Comprehensively-Curated Dataset of CYP450 Interactions: Enhancing Predictive Models for Drug Metabolism
Here are source codes for demonstrating machine learning and deep learning using this dataset.
- DT.py is for Decision Tree.
- GCN_hyperopt_CV.py is for Graph Convolution Network (GCN)
- RF.py is for Random Forest.
- SVC.py is for Support Vector Machine.
- SVR.py is for Support Vector Regression.

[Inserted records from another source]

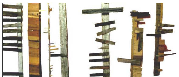
41 Pieza de Enclavado presentadas para tesis, Escuela Nacional de Bellas Artes, 2005.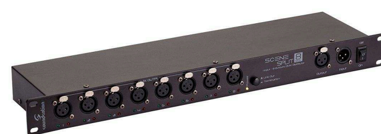
Микрофонные микшеры от 22 880 р.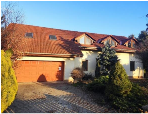
Rodinný dom v obci Veselé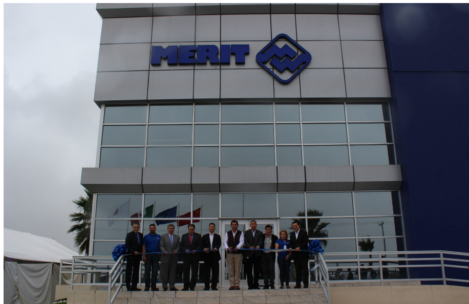
Autoridades estatales y locales de Matamoros, Tam., así como altos ejecutivos del consorcio Merit asistieron al corte de listón inaugural de su planta de operaciones en el Parque Industrial Los Palmes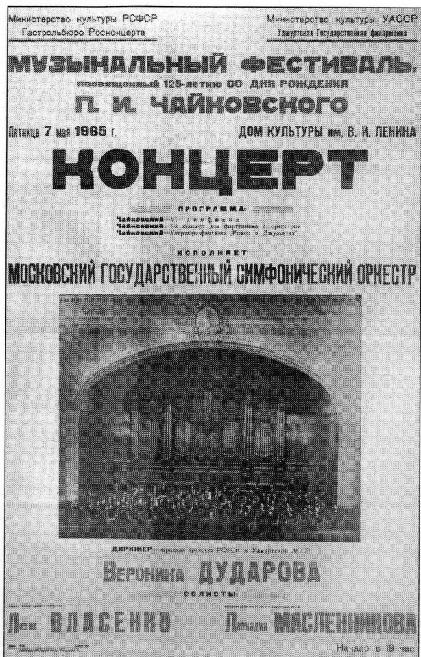
Афиша фестиваля. 1965 г.

Праздник музыки П.И. Чайковского // Ленинский путь. — Воткинск, 1958. — 9 мая. — С. 1.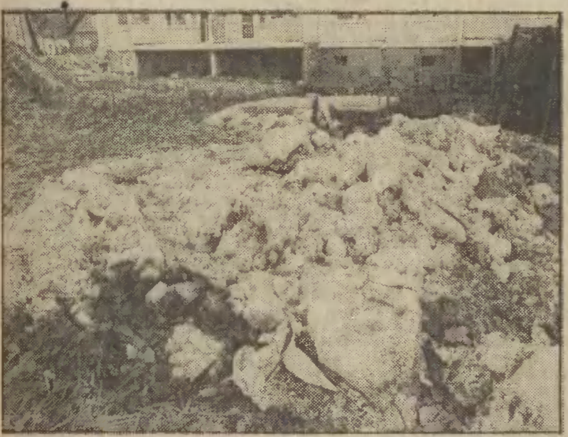
Listopad 1980 — resztki skamieniałego już gipsu przy ul. Chyłośkiej w Gdyni.

Z terenów budowy wymienionych osiedli wynieśliśmy wtedy — przez nikogo nie zatrzymywani — należące do Gdańskiego Kombinatu Budowy Domów: rolkę papu, worek wapienia, rury wodociągowe, okno piwniczne; będące własnością GPB: okno pokojowe, metalową osłonę deski rozdzielczej, pa-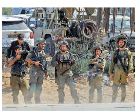
以色列士兵在與加沙地帶接壤處操控無人機進行監控。

內塔尼亞胡的前國家安全顧問阿米多爾坦言，這是一次「重大失敗」，「哈馬斯的這次行動實際上證明了我們在加沙的情報能力並不好」。哈馬斯高級官員巴拉克表示，該組織對以色列情報機構嚴重失靈「感到驚訝，以色列軍隊是紙老虎」。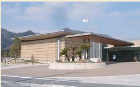
▲ たつの市立埋蔵文化財センター外観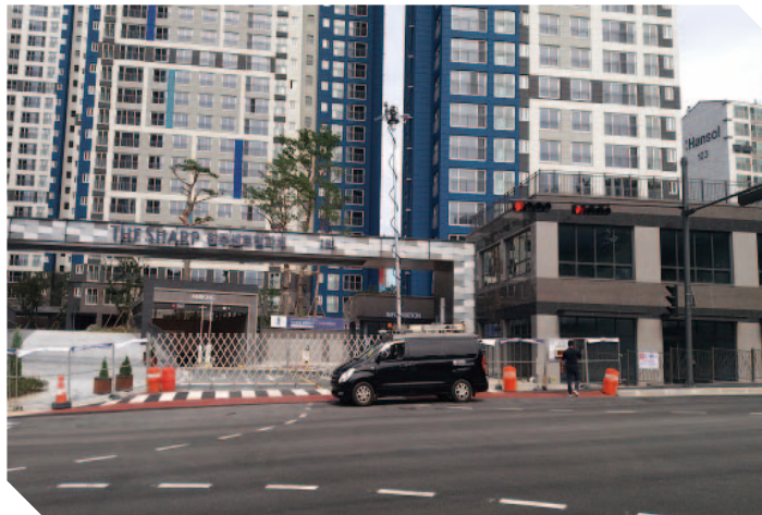
〈신축아파트 준공허가(방송시스템) 전파환경 수탁 측정〉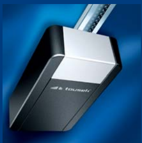
tousek Garagentorantriebe sparsam und schnell

Yu-Hao Ni1, Yu-Wen Su1, Shaung-Chen Yang2, Jia-Cheng Hong1, Tien-Chueh Kuo1,5, and Yufeng Jane Tseng1,3,4,5,*
1Graduate Institute of Biomedical Electronics and Bioinformatics, National Taiwan University, Taipei 10617,Taiwan
2School of Medicine, National Taiwan University, Taipei 10051, Taiwan
3Department of Computer Science and Information Engineering, National Taiwan University, Taipei 10617,Taiwan
4School of Pharmacy,College of Medicine, National Taiwan University, Taipei 10002, Taiwan
5The Metabolomics Core Laboratory, Centers of Genomic and Precision Medicine, National Taiwan University,Taipei 10617, Taiwan
*corresponding author(s): Yufeng Jane Tseng (yjtseng@csie.ntu.edu.tw)
We collected and organized a detailed dataset encompassing both substrates and non-substrates for six principal cytochrome P450 (CYP450) isozymes, responsible for 90% of Phase I drug metabolism in humans. These isozymes, specifically CYP1A2, CYP2C9, CYP2C19, CYP2D6, CYP2E1, and CYP3A4, play critical roles in the detoxification and metabolic processing of therapeutic compounds. The dataset, meticulously assembled, includes interactions with approximately 2000 compounds per enzyme, ensuring comprehensive coverage and high accuracy. Employing a combination of conventional machine learning techniques alongside advanced methodologies such as Graph Convolutional Networks (GCN), robust models have been developed to elucidate these drug-enzyme interactions. The dataset is poised to significantly contribute to fields requiring pharmacokinetic modeling, furthering drug development efforts and toxicological studies by providing an essential resource for the accurate prediction of metabolic pathways, thereby enhancing drug safety and efficacy assessments.